Activity - Line by line, transcribe the data below exactly and pass over the images.

Supplied data -
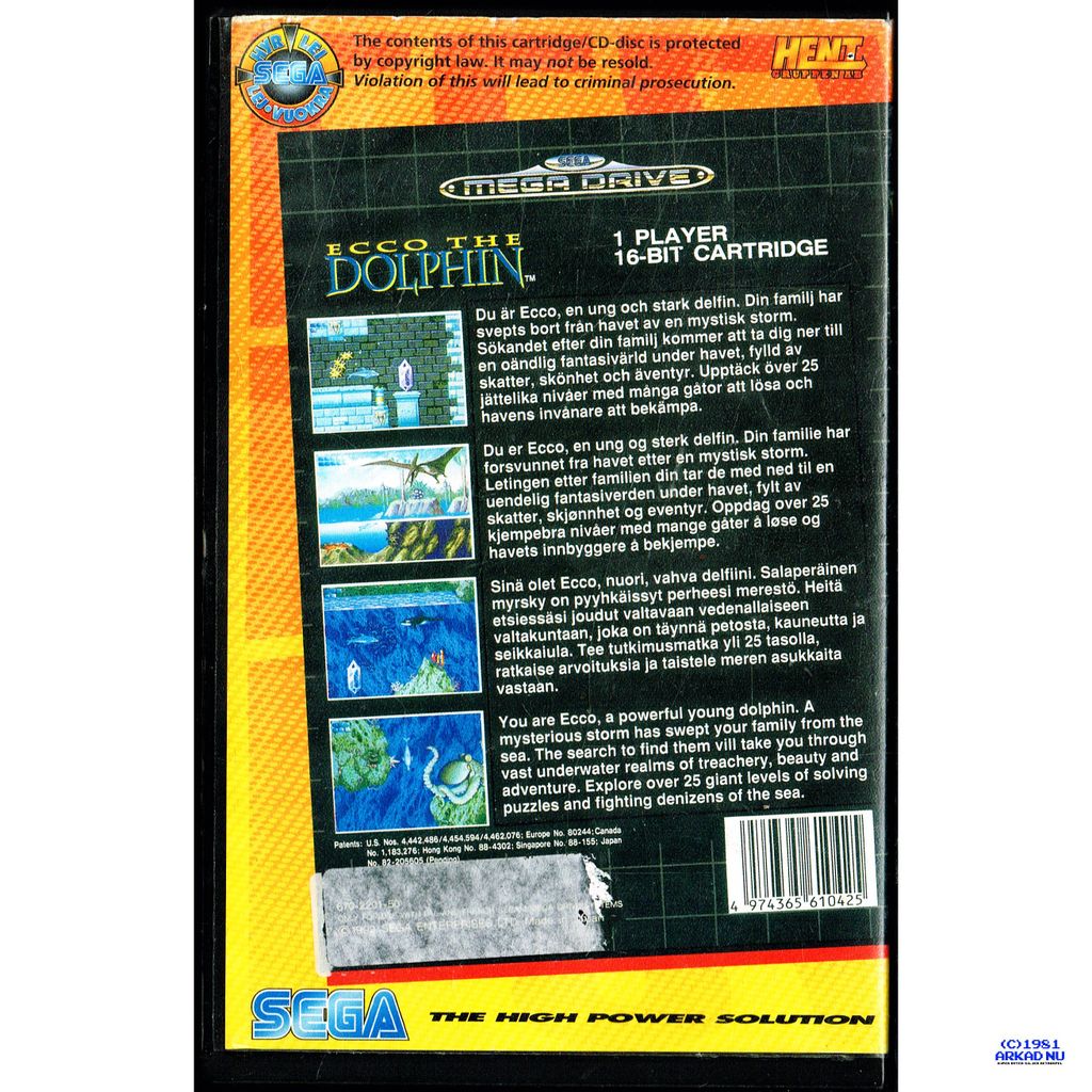 Beskrivning av ECCO THE DOLPHIN MEGADRIVE HENT HYRUTGÅVA
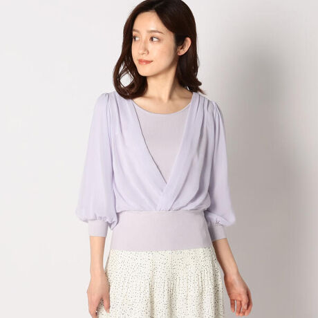 重ね着風シフォンニット
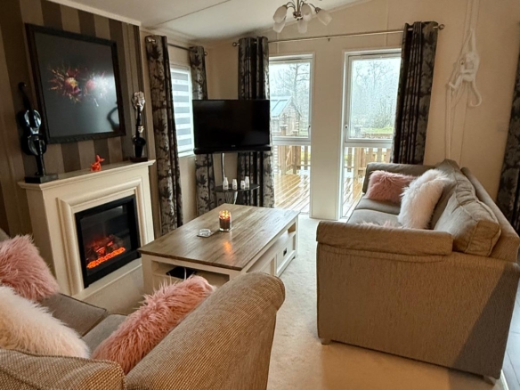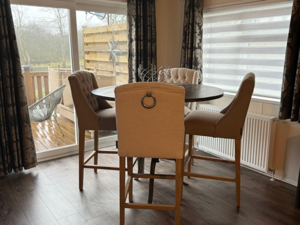 The sale of the lodge includes a comprehensive inventory of fixtures and fittings, allowing for a seamless transition for the new owners. Blinds and curtains are fitted throughout, providing privacy and light control. The modern integrated kitchen comes complete with a fridge freezer and a washing machine, ensuring immediate functionality. The dining area is furnished with a table and chairs, perfect for family meals or entertaining guests. The comfortable lounge includes a television, a coffee table, and a wall unit, creating a welcoming and functional living space.
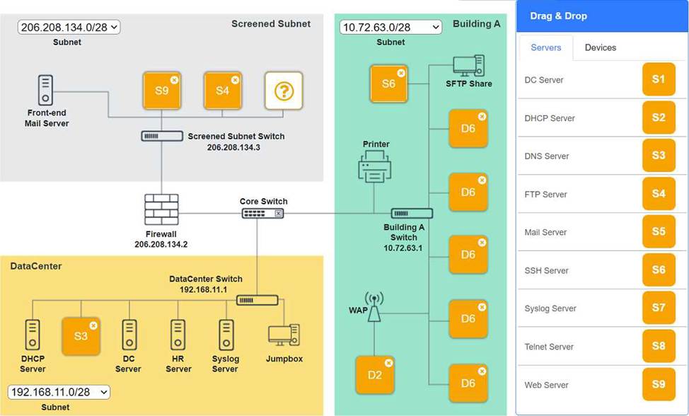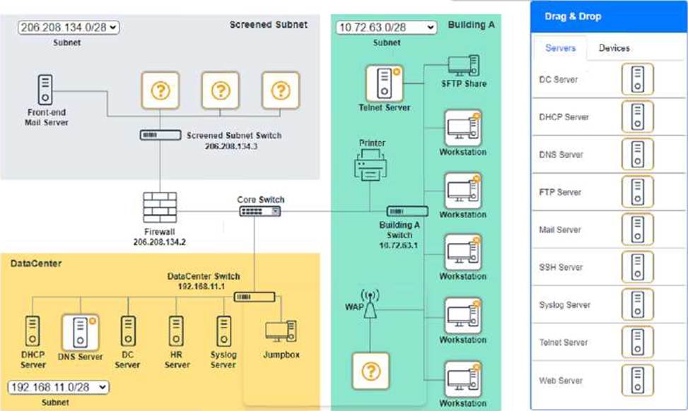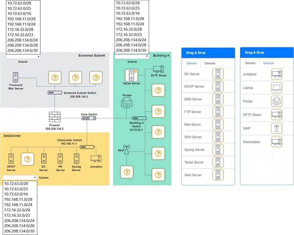Building A devices C SSH server top left, workstations on all 5 on the right, laptop on bottom left DataCenter devices C DNS server.
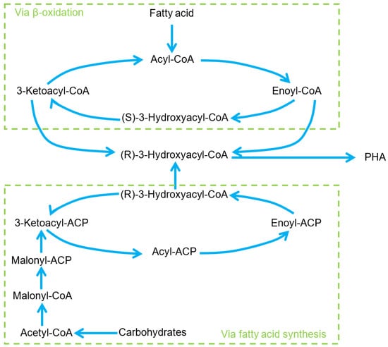 Polyhydroxyalkanoates are polyester biopolymers produced by bacterial fermentation; an example of this is Pseudomonas aeruginosa [97,102]. Notably, microorganisms naturally synthesize PHA polymers with sufficient bioavailability from carbon-rich sources [104]. Figure 7 shows the pathway of PHA synthesis from a fatty acid source. Therefore, the use of these is a practical alternative to be applied in different food packaging systems [97].
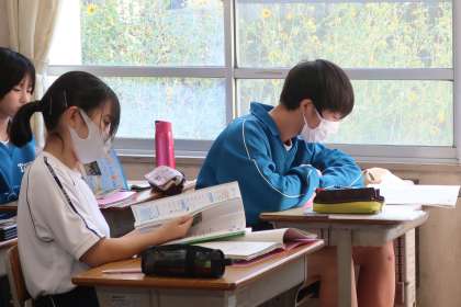ALTと発音練習をしたあと、テストに向けた最後の追い込みをしていました。

Solution below -
 Beskrivning av ECCO THE DOLPHIN MEGADRIVE HENT HYRUTGÅVA
 重ね着風シフォンニット
 The sale of the lodge includes a comprehensive inventory of fixtures and fittings, allowing for a seamless transition for the new owners. Blinds and curtains are fitted throughout, providing privacy and light control. The modern integrated kitchen comes complete with a fridge freezer and a washing machine, ensuring immediate functionality. The dining area is furnished with a table and chairs, perfect for family meals or entertaining guests. The comfortable lounge includes a television, a coffee table, and a wall unit, creating a welcoming and functional living space.
Building A devices C SSH server top left, workstations on all 5 on the right, laptop on bottom left DataCenter devices C DNS server.
 Polyhydroxyalkanoates are polyester biopolymers produced by bacterial fermentation; an example of this is Pseudomonas aeruginosa [97,102]. Notably, microorganisms naturally synthesize PHA polymers with sufficient bioavailability from carbon-rich sources [104]. Figure 7 shows the pathway of PHA synthesis from a fatty acid source. Therefore, the use of these is a practical alternative to be applied in different food packaging systems [97].
ALTと発音練習をしたあと、テストに向けた最後の追い込みをしていました。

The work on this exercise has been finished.